Another collaborative tactic is allying with groups that have similar issues, but cut across several industries.  McKeel says the GCSAA encourages the creation of “green industry” alliances that include the lawn care and sod producing industries. 

Sometimes – not always – it’s pragmatic for course owners to stay in the background and allow others to act as a spokesperson because of the public’s perception of course owners as being wealthy landowners.  Dick Armey, former majority leader in the U.S. House of Representatives says in his book, Armey’s Axioms, “If you insist on center stage, you get the tomatoes.” 

Linda Rogers, a member of the Indiana Golf Course Owners Association and a NGCOA board member, found that out when she did a TV interview on property taxes.  Afterwards she received nasty comments about wealthy golf course owners. 
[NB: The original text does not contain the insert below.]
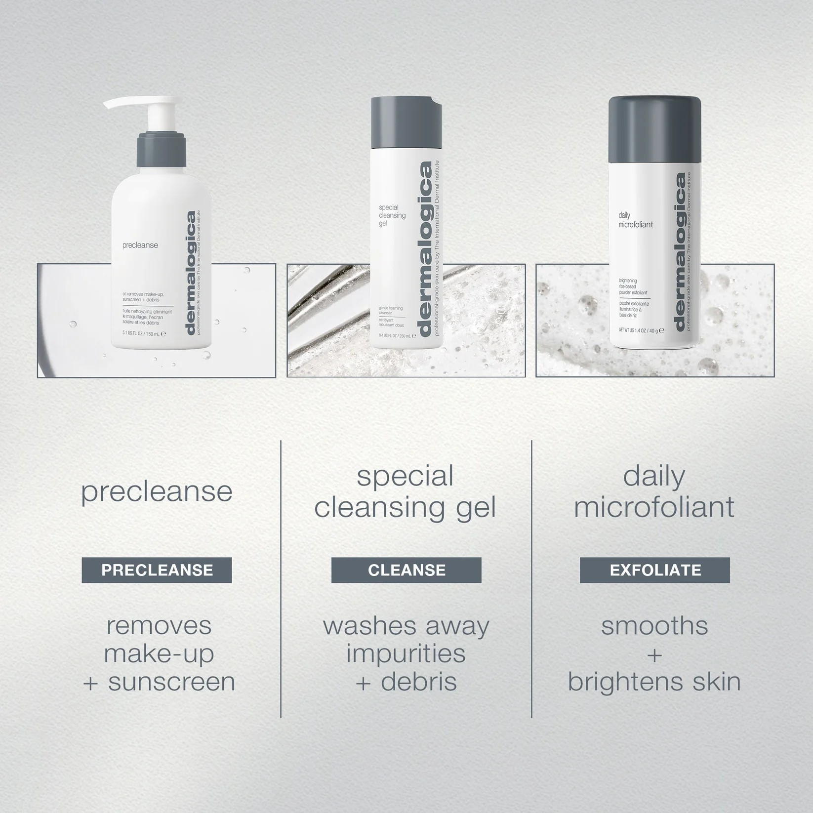DERMALOGICA LET IT GLOW SET (3 FULL-SIZE) - 3-step cleansing essentials

As a result, in an effort to get the city of South Bend to divest itself of a golf course later on, she enlisted the support of anti-tax groups, banquet hall operators, restaurants, health clubs, and developers. 

“There is value in partnering with as many allies as possible,” says Hilliard.

A political action committee (PAC) is also an option for organizations.  “It’s another tool in the tool box as long as an organization has the ability to administer it,” says McKeel. 

On the federal level, there are two types: affiliated and independent.  An affiliated PAC is established by an already existing organization.  Money is given voluntarily by members and used for various political purposes.  The independent PAC is officially independent of any existing organization and usually focuses on a specific issue or advocate a particular ideology.

The MGCOA set up a PAC separate from the chapter and administered by members of its government affairs committee.  During the 2008 election cycle, it spent between $12,000 and $20,000.

Small businesses became significant jobs creators by understanding the value of working together when practical and taking advantage of every opportunity for growth.  Involvement in the legislative process is certainly one of those opportunities that has proven effective provided it’s proactive, ongoing, and targeted.